Few career questions spark more debate than this one: should your resume be one page or two? Ask five recruiters and you might get five different answers. The truth is, both camps have valid points — and the right answer depends almost entirely on where you are in your career.

Why the One-Page Rule Became So Popular

The one-page resume has long been treated as the gold standard, especially in the United States. The logic is straightforward: recruiters spend very little time on each resume (some studies suggest as little as seven seconds on a first scan), so forcing them to flip to a second page risks losing their attention entirely.

For entry-level candidates or recent graduates, this advice is usually sound. If you’ve held two internships, a part-time job, and completed a degree, there’s rarely enough substance to justify a second page. Padding it out with irrelevant hobbies or inflated bullet points doesn’t help — it just dilutes the content that actually matters.

When Cutting Down Actually Hurts You

Here’s where the one-page rule starts to break down. A software engineer with twelve years of experience, working across multiple tech stacks and leading cross-functional teams, cannot reasonably compress all of that into a single page without losing critical detail. Trying to do so often means cutting out the very accomplishments that make a candidate stand out.
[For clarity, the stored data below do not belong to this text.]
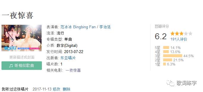 一夜惊喜 -李治廷 范冰冰 歌词练字 港台男星 2017-11-13 22:16:28 236 创作不易,用心坚持,欢迎请BaGua喝几杯爱心咖啡!打赏并支持本文 打赏并删除本文 一夜惊喜 -范冰冰、李治廷 #歌词练字# 范冰冰词,李治廷曲。专辑《治爱》 2014年3月14日 电影 「一夜惊喜」主题曲 创作不易,用心坚持,欢迎请BaGua喝几杯爱心咖啡!打赏并支持本文 打赏并删除本文 感谢您的支持鼓励,我会继续努力的!文章地址:用户邮箱:打赏金额:USDT 请输入数字点击”去打赏“,即可进行打赏支持本文章哦 李治廷 About the Author 歌词练字 功能介绍:坚持歌词练字打卡贴 微博:懒惰粽子。 微博话题:歌词练字。 关注粉请留下你喜欢的歌,写给你们! Related Posts 一夜惊喜 -李治廷 范冰冰 2017-11-13 22:16:28 发表评论
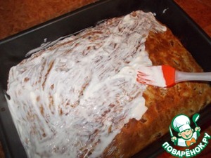 - Сметана (для смазывания пирога) — 1,5 ст. л.
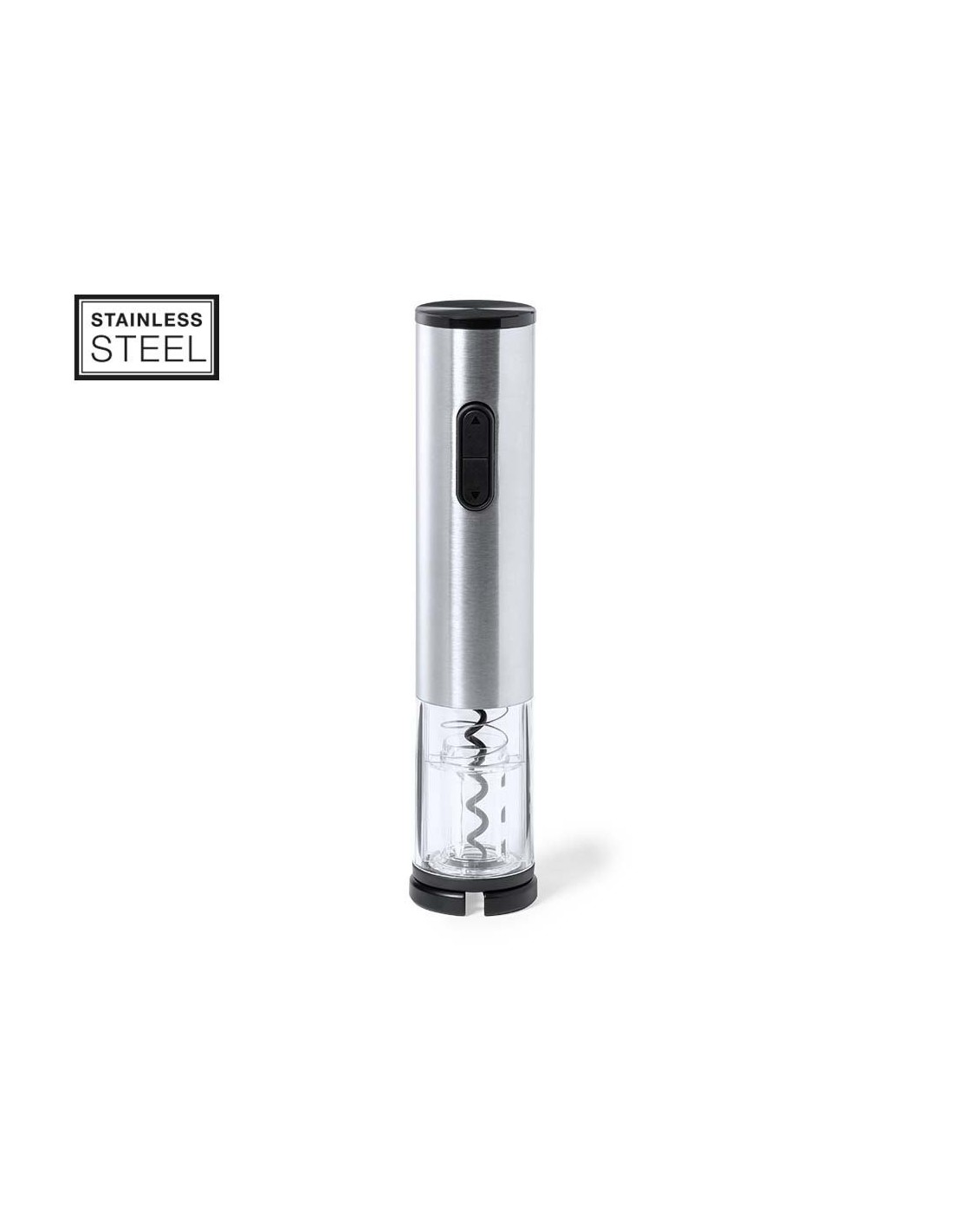 Sacacorchos eléctrico fabricado en acero inox y resistente ABS, con cortacápsulas incluido. Presentado en caja individual de diseño, con manual de instrucciones en español e inglés. Alimentación a pilas (4xAA no incluidas).
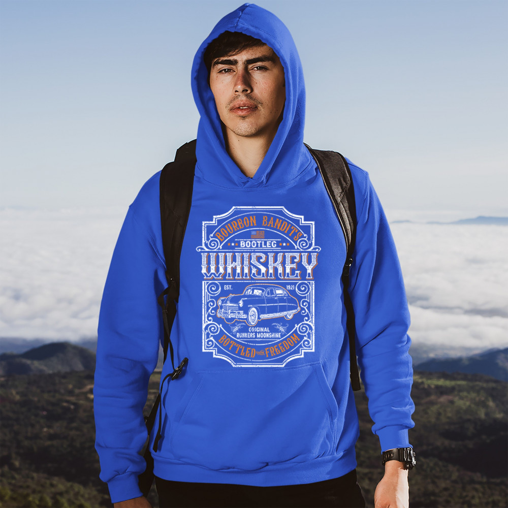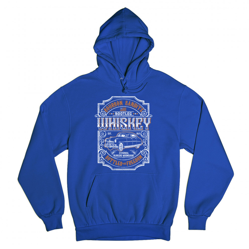BOURBON BANDIT'S BOOTLEG WHISKEY sweatshirt original runners moonshine hoodie royal blue

The same applies to academics, researchers, and senior executives. In those fields, a two-page resume isn’t just acceptable — it’s expected. Listing publications, major projects, board positions, or speaking engagements takes space, and hiring managers in those circles know it.

The Real Question: Is Every Line Earning Its Place?

The page count debate often distracts from the more important question: is your resume tight and purposeful, or is it filled with filler? A bloated two-page resume is always worse than a lean one-pager. But a one-pager that omits ten years of relevant leadership experience is doing you a disservice.

A useful exercise is to read each bullet point and ask: does this tell a hiring manager something specific and valuable about what I can do? If the answer is no, cut it regardless of whether you’re on page one or page two.

A Simple Framework for Deciding

  • Less than 5 years of experience: Aim for one page. Be selective and specific.
  • 5 to 10 years of experience: One strong page is ideal, but two is fine if the content justifies it.
  • 10+ years of experience: Two pages is completely appropriate. Don’t squeeze out achievements to hit an arbitrary limit.
  • Academic or research roles: Follow the CV format, which can run several pages.

What Recruiters Are Actually Looking For

Most experienced recruiters will tell you the same thing: they don’t care about the page count as much as job seekers think. What they care about is relevance. A resume that tells a clear, compelling story about your skills and impact — whether in one page or two — will always outperform one that’s been artificially stretched or squeezed.

The debate, at its core, was never really about pages. It was about discipline. The best resumes are the ones where every word has a reason to be there. Get that right, and the page count takes care of itself.